We are making a rather large Swing application which has to implement the MVC pattern. The application currently looks like this:


There are quite a few views. They are created in a hierarchical manner where one main view contains (and creates) several views which all contain their own set of sub-views, etc. Each of these views retrieve information from the model independently from the other views, by calling the models static methods when necessary.

There are also quite a few controllers which are all totally separated from each other. Each controller belongs to a view. Each view creates its own controller, and adds the controller as a listener to user input. The controllers receive events from the views and then modify the model through the models static methods. When the views dispatch events which do not affect the model, but only affect the views, the views take care of these events themselves - without informing the controllers about the events. That is, the controllers are totally unaware of the views, and the controllers purpose is only taking care of the manipulation of the model. |EDIT: the controllers are currently attachments to their views; they only contain logic for event-handling. That is, the controllers are not components themselves, and do not contain components. They are implemented in the same manner as the following example: MVC example |

The model in the application is very passive, and does not even have listeners (it represents a database).
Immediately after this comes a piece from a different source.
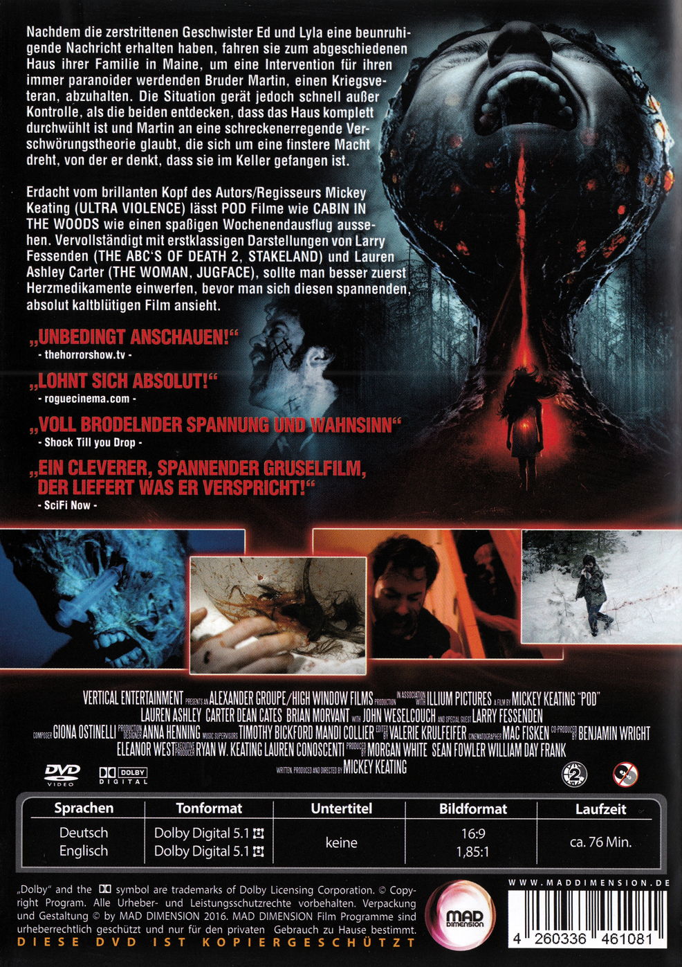 - Schauspieler Lauren Ashley Carter, Larry Fessenden, Brian Morvant, Dean Cates, John Weselcouch, Forrest McClain

It receives updates from the controllers.


In this example, the views own the controllers. Would it be better in the general case if the controllers owned and created the views, and if one let the views be unaware of the controllers, instead of the opposite? In that case, why? How would this be designed? If not, is there a better design in which the controllers are still unaware of the views? Or perhaps, is the best design neither of them?

EDIT:

As stated in the Original MVC definition:

the line "The View takes responsibility for establishing this intercommunication..." seems to indicate that the view creates the controller, or at least has the initial reference to the controller, and not vice versa.

So this is at least a possible way to do it (it is a valid MVC pattern), but the main question remains; which is better, and how would the best design look like? Especially when dealing with many controllers that are closely related to their respecive views?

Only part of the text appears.